This is a revolution, not a public relations movement

See I know, as a woman I’m supposed to act with nurturing empathy, to take the world to my bossom and give it a big maternal life-giving hug.

But some days I can’t be arsed right.

A guy goes apeshit over the fact that he couldn’t get a date in years. He walks into a gym, turns off the lights to make escape harder and open fires on a latin dance class – a latin dance class he KNOWS will be full of women cos he did his research on how to kill the maximum number of women. He’s been planning to kill women and then himself for a super long time. Because he can’t get a date. Nobody loves me I think I’ll go eat worms just got a whole lot more aggressive.

So this son of a bitch HATED women right? I was tipped off by the fact he tried to kill a whole bunch of them, but apparently there are a whole lot of people out there saying he’s just misunderstood.

No, no, he didn’t hate *women*, he hated himself. He was lonely and sad and frustrated and in need of affection.

Sure, I buy all that. If I could wave my magic wand. we’d all have hugs and puppies and fulfilling sex lives and any types of relationships/non relationships that we want.

But the thing is that the world *doesn’t* work like that does it? We’ve all got our pain, our dysfunctional historys, our childhood traumas and mortifications, some worse than others. And sometimes we’re lucky and sometimes unlucky in love/sex/flirtation/what have you.

I personally went through almost EIGHT FUCKING YEARS of ‘accidental celibacy’ and I’m here to tell you I was not happy. I was twitchy and starved for affection and sexually frustrated to a point that I turned into a blithering idiot around anyone I was attracted to (and after eight years I was attracted to most people) because the lust would nearly knock me unconcious.

And I had to go through all those uncomfortable emotions that we’re supposed to pity Sodini for – confusion, a sense of failure, loneliness and isolation, feelings of rejection, and blah blah fuckitty blah.

You know what I *didn’t* do though? I didn’t start deciding that the world was against me, I didn’t decide a whole gender was simultaneously my lifes goal and my achilles heel, my one desire and my biggest hatred, I didn’t decide that a whole gender was full of worthless whores who deserved death (unless they’d bone me which would grant them a short reprieve) and plan a massacre.

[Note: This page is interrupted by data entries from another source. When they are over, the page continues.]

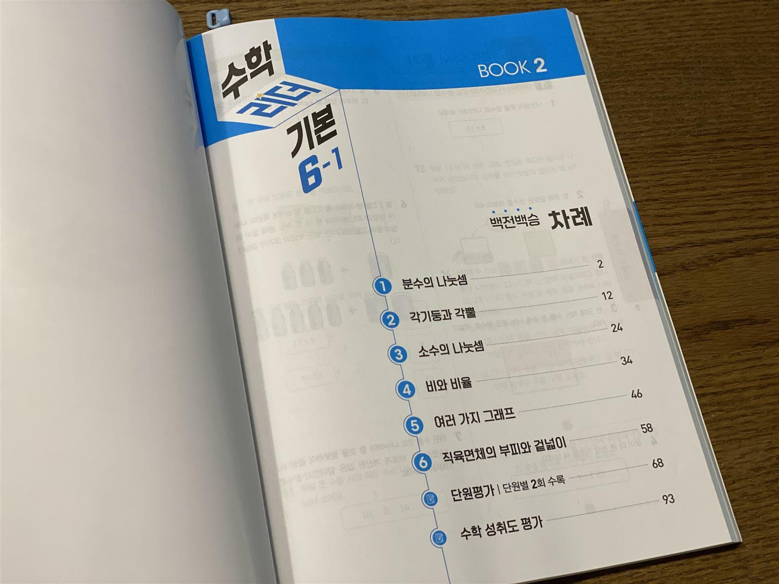 요즘 아이가 열심히 공부하고 있는 수학문제집, 수학리더 초등수학 6학년 1학기에요.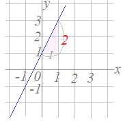 【例5】右の直線の傾きは2です(a=2). 直線の方程式はy=2x+bの形になります. 切片b=1も読み取ると,結局,直線の方程式はy=2x+1であることが分かります.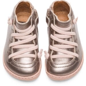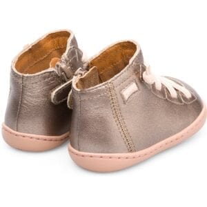 Beige metallic zip ankle boot for girls. Full grain leather with stitched outsole.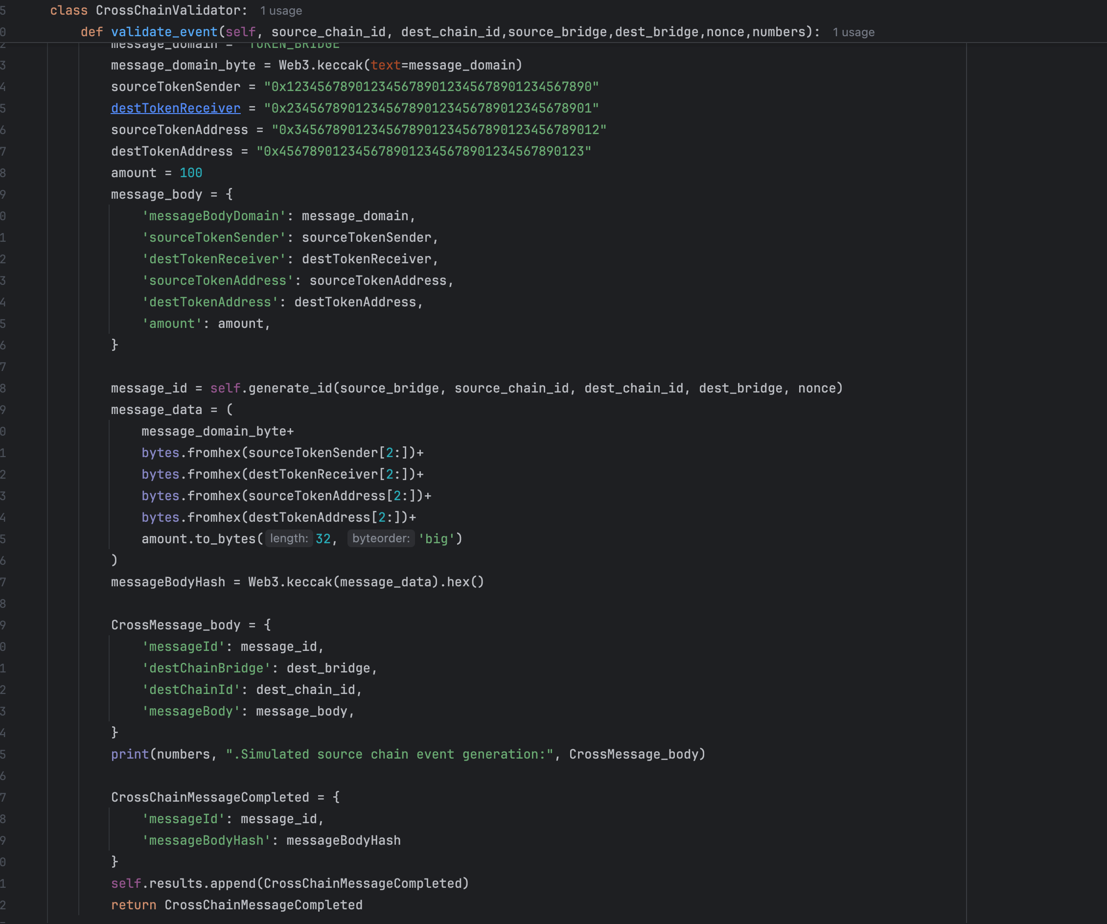* @dev Generates hash for cross-chain message body

So…life is complex. People have problems. People have WAY bigger problems than a dick with no happy place (and really it’s not ME being crude there, this is ALL he saw women as even on a happy day – go read his posts the guy is a complete turd). So I’m drawing a line in the sand. You couldn’t get a date? Well cry me a river dickface – don’t sit there blithering misogynist hatred for months on end plotting your fucking massacre because you hate women for daring to live their lives without you and your boner as their focal point and expect ME to be sympathetic.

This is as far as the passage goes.